DATASET below:
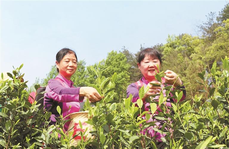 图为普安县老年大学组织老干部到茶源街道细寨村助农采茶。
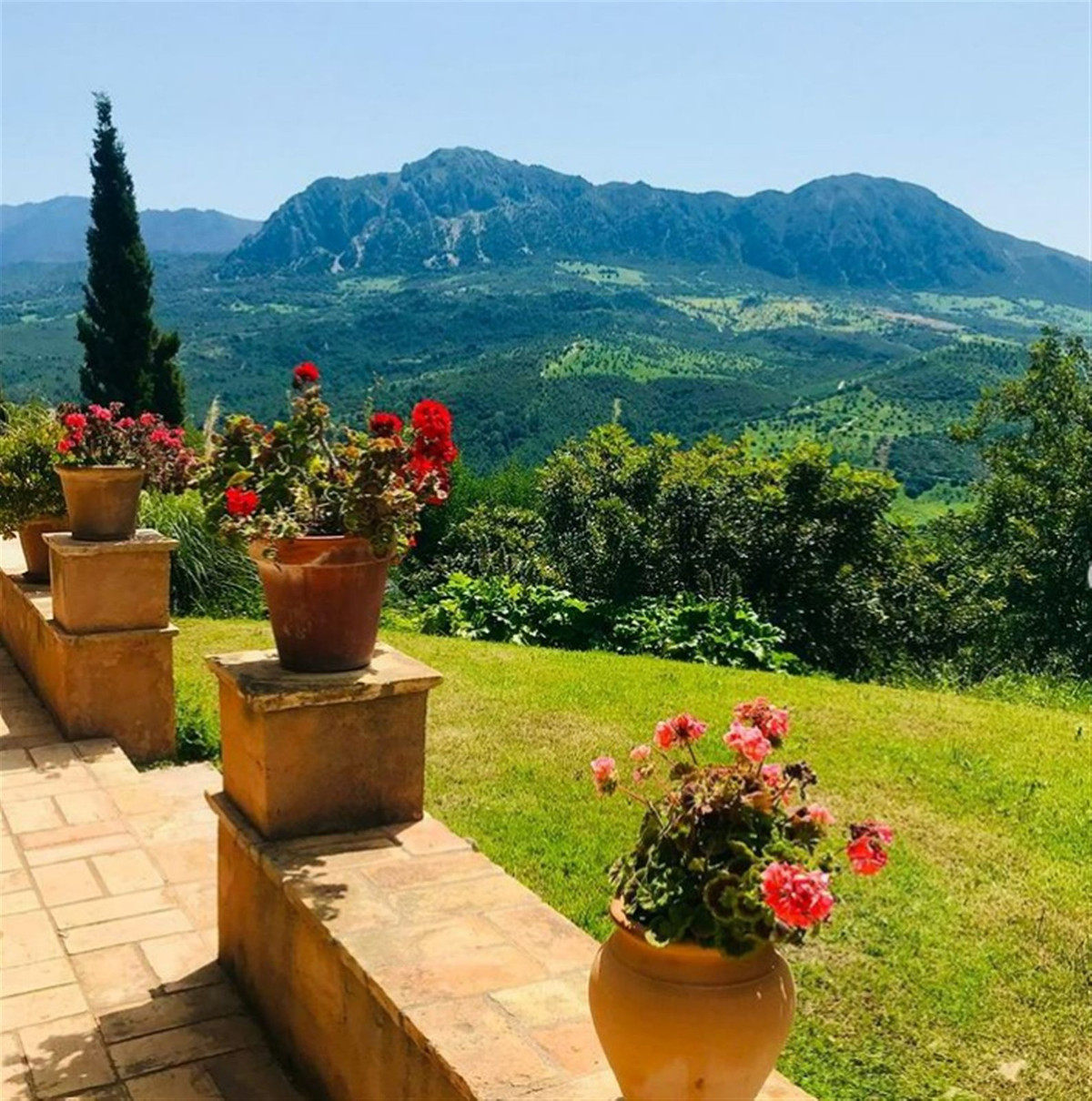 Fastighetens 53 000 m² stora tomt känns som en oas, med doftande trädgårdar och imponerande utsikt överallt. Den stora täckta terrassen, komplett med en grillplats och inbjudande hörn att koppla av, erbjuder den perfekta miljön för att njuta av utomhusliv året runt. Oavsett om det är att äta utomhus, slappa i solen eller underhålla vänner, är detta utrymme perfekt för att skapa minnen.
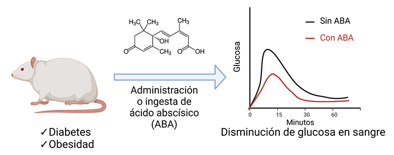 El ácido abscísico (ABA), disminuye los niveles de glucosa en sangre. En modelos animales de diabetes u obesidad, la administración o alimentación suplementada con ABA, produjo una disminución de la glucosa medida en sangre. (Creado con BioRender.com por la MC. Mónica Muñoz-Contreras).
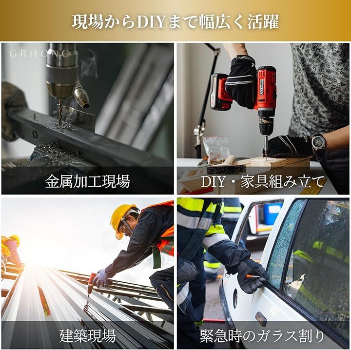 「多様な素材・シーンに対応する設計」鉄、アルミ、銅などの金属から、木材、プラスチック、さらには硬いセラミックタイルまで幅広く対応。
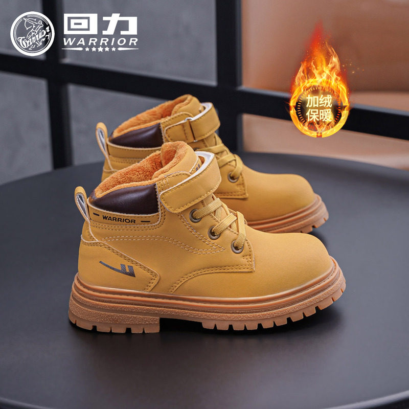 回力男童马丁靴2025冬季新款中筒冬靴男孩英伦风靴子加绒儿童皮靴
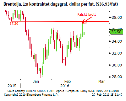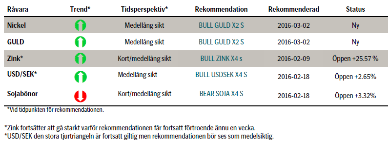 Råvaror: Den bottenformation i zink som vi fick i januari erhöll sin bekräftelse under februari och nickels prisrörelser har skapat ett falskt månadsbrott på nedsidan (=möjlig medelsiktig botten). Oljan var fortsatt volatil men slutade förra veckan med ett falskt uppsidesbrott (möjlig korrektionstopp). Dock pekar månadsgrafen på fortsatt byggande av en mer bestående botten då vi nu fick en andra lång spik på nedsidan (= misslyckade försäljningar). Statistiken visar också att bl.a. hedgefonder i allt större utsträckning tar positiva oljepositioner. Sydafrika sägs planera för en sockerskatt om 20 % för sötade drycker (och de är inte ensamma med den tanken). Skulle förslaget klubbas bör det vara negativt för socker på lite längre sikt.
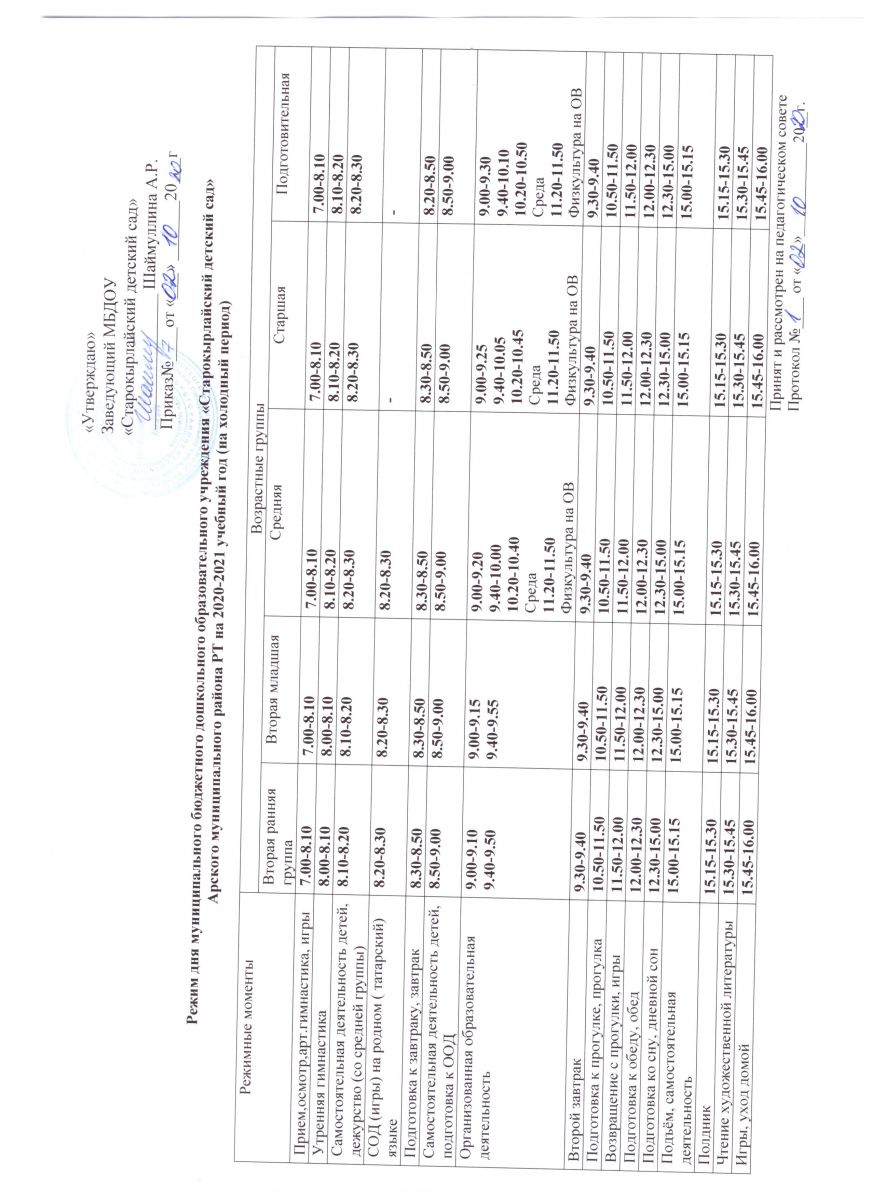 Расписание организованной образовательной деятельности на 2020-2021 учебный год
End of DATASET.
DATASET below:
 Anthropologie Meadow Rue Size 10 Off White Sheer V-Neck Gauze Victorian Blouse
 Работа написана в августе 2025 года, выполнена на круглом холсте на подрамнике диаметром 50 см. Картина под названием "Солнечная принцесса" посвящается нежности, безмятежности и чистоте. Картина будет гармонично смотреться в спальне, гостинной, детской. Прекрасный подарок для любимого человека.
End of DATASET.
Going by the data above, give back only the lines from the one containing "图为普安县老年大学组织老干部到茶源街道细寨村助农采茶。" through the one containing "Расписание организованной образовательной", exactly as they stand, both ends included and no images.

 图为普安县老年大学组织老干部到茶源街道细寨村助农采茶。
 Fastighetens 53 000 m² stora tomt känns som en oas, med doftande trädgårdar och imponerande utsikt överallt. Den stora täckta terrassen, komplett med en grillplats och inbjudande hörn att koppla av, erbjuder den perfekta miljön för att njuta av utomhusliv året runt. Oavsett om det är att äta utomhus, slappa i solen eller underhålla vänner, är detta utrymme perfekt för att skapa minnen.
 El ácido abscísico (ABA), disminuye los niveles de glucosa en sangre. En modelos animales de diabetes u obesidad, la administración o alimentación suplementada con ABA, produjo una disminución de la glucosa medida en sangre. (Creado con BioRender.com por la MC. Mónica Muñoz-Contreras).
 「多様な素材・シーンに対応する設計」鉄、アルミ、銅などの金属から、木材、プラスチック、さらには硬いセラミックタイルまで幅広く対応。
 回力男童马丁靴2025冬季新款中筒冬靴男孩英伦风靴子加绒儿童皮靴
 Råvaror: Den bottenformation i zink som vi fick i januari erhöll sin bekräftelse under februari och nickels prisrörelser har skapat ett falskt månadsbrott på nedsidan (=möjlig medelsiktig botten). Oljan var fortsatt volatil men slutade förra veckan med ett falskt uppsidesbrott (möjlig korrektionstopp). Dock pekar månadsgrafen på fortsatt byggande av en mer bestående botten då vi nu fick en andra lång spik på nedsidan (= misslyckade försäljningar). Statistiken visar också att bl.a. hedgefonder i allt större utsträckning tar positiva oljepositioner. Sydafrika sägs planera för en sockerskatt om 20 % för sötade drycker (och de är inte ensamma med den tanken). Skulle förslaget klubbas bör det vara negativt för socker på lite längre sikt.
 Расписание организованной образовательной деятельности на 2020-2021 учебный год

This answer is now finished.